● **Activity**:
If a line in the data below holds the word "einen", copy it.

● **Given data**:
= = = =
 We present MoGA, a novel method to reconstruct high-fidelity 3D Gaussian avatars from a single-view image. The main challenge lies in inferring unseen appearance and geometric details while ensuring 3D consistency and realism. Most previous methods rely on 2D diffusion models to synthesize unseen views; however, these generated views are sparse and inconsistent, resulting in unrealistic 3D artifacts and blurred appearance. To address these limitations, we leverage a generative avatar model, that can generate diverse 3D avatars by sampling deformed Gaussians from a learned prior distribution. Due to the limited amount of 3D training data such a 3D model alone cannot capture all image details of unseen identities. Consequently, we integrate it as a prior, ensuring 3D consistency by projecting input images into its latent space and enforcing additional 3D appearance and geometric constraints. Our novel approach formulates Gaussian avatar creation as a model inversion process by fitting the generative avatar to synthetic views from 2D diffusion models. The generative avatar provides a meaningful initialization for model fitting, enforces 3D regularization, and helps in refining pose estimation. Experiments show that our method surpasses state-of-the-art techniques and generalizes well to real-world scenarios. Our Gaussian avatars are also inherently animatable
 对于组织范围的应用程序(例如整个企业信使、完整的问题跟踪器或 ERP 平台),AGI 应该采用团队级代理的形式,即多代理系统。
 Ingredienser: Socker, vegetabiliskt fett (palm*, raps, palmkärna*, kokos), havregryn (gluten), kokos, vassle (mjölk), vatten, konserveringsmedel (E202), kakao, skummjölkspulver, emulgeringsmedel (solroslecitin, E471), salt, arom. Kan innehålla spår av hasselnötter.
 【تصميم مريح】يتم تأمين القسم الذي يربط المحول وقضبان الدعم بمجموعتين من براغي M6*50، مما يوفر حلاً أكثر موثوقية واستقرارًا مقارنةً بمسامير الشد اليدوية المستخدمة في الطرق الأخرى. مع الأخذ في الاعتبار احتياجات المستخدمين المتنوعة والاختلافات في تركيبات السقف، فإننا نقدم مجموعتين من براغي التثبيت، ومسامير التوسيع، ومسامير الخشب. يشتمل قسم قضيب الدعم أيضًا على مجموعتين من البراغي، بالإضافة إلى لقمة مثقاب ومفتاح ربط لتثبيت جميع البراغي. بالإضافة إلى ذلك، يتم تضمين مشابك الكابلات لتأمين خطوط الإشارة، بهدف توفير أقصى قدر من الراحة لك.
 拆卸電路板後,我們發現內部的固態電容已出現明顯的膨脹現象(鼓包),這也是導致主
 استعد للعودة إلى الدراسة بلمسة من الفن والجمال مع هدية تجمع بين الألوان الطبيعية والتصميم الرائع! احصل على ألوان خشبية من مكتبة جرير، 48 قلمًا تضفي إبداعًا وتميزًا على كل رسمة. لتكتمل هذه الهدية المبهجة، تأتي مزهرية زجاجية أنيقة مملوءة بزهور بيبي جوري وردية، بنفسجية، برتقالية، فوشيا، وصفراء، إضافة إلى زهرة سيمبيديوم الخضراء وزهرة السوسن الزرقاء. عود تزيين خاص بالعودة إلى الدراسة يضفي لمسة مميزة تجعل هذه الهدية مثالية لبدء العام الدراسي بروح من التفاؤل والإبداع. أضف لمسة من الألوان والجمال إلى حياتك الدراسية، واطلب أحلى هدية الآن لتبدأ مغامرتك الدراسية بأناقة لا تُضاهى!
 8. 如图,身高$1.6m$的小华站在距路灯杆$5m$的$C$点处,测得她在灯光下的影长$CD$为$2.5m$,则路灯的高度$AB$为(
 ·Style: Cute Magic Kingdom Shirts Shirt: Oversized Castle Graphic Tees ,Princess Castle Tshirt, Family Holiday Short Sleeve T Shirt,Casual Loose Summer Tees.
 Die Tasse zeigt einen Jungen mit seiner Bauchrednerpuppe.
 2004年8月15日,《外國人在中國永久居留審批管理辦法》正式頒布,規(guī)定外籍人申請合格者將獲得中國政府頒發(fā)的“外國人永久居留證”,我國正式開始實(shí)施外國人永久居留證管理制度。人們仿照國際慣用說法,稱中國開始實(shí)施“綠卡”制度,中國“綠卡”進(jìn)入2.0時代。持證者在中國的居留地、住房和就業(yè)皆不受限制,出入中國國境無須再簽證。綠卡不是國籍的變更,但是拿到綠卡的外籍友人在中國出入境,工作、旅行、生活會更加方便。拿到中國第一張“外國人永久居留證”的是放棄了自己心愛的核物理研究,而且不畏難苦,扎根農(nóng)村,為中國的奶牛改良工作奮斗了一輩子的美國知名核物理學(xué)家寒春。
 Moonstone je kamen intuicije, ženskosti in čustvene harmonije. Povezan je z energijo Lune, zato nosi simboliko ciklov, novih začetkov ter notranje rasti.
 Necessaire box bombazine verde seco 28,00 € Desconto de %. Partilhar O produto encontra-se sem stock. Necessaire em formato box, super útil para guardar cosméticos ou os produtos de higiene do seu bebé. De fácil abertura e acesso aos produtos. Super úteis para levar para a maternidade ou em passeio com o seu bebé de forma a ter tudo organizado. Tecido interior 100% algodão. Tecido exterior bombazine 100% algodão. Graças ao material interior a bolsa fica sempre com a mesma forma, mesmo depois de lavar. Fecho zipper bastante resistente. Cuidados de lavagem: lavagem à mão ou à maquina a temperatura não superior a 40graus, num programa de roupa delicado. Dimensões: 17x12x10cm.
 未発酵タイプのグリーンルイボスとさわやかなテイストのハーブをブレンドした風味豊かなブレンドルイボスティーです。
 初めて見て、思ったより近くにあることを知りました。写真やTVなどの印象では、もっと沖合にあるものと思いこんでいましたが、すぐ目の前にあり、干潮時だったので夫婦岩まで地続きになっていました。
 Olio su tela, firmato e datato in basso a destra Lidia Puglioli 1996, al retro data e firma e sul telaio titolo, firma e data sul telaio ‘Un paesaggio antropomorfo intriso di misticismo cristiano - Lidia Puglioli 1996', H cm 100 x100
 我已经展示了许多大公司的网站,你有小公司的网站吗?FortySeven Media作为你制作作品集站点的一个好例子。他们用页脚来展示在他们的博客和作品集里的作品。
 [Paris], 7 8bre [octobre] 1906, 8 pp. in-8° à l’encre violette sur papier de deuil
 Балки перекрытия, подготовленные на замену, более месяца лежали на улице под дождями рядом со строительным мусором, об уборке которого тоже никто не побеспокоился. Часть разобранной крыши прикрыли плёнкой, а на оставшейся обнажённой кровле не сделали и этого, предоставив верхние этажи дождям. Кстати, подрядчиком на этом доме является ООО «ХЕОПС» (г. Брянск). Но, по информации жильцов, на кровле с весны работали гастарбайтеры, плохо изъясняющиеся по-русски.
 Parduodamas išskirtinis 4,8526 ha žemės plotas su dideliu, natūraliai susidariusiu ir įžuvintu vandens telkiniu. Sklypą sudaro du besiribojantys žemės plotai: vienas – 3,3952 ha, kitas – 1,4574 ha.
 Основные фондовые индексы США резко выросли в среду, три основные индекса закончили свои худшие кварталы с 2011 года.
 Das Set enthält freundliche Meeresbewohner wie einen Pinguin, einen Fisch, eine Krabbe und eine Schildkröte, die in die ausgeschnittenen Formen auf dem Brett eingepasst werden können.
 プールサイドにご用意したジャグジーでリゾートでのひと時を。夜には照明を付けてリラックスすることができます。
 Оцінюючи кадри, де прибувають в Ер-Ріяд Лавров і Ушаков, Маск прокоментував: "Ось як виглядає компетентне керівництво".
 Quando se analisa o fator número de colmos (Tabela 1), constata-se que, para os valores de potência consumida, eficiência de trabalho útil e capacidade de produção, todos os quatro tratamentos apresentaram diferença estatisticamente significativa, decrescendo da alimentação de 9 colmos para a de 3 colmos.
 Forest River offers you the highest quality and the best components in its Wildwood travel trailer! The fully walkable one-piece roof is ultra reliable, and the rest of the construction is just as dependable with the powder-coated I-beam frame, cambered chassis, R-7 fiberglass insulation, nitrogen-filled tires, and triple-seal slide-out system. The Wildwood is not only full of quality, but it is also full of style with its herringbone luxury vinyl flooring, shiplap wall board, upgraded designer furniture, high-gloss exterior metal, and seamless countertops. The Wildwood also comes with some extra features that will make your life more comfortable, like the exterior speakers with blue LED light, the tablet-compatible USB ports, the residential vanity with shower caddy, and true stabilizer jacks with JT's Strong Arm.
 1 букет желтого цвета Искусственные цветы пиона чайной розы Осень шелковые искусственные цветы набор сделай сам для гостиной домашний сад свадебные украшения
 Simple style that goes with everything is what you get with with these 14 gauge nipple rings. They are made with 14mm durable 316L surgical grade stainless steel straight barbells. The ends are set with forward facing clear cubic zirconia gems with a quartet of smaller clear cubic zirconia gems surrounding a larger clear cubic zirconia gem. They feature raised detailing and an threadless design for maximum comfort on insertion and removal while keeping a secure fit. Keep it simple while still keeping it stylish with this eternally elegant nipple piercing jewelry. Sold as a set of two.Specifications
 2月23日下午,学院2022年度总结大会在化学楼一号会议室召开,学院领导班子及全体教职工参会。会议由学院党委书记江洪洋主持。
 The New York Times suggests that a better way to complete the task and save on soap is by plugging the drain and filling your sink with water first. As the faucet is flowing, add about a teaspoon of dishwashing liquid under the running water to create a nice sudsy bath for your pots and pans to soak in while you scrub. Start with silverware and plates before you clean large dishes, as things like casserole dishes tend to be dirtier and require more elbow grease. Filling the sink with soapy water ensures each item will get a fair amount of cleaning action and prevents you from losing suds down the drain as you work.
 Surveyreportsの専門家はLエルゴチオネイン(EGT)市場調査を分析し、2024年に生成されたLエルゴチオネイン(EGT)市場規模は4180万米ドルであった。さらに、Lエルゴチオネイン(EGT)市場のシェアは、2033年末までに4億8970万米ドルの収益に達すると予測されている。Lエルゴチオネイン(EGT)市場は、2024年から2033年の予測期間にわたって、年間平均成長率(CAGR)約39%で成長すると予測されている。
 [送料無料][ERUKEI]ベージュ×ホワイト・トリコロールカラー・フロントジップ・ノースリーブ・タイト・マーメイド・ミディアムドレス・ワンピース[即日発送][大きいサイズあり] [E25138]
= = = =
● **Solution**:
 Die Tasse zeigt einen Jungen mit seiner Bauchrednerpuppe.
 Das Set enthält freundliche Meeresbewohner wie einen Pinguin, einen Fisch, eine Krabbe und eine Schildkröte, die in die ausgeschnittenen Formen auf dem Brett eingepasst werden können.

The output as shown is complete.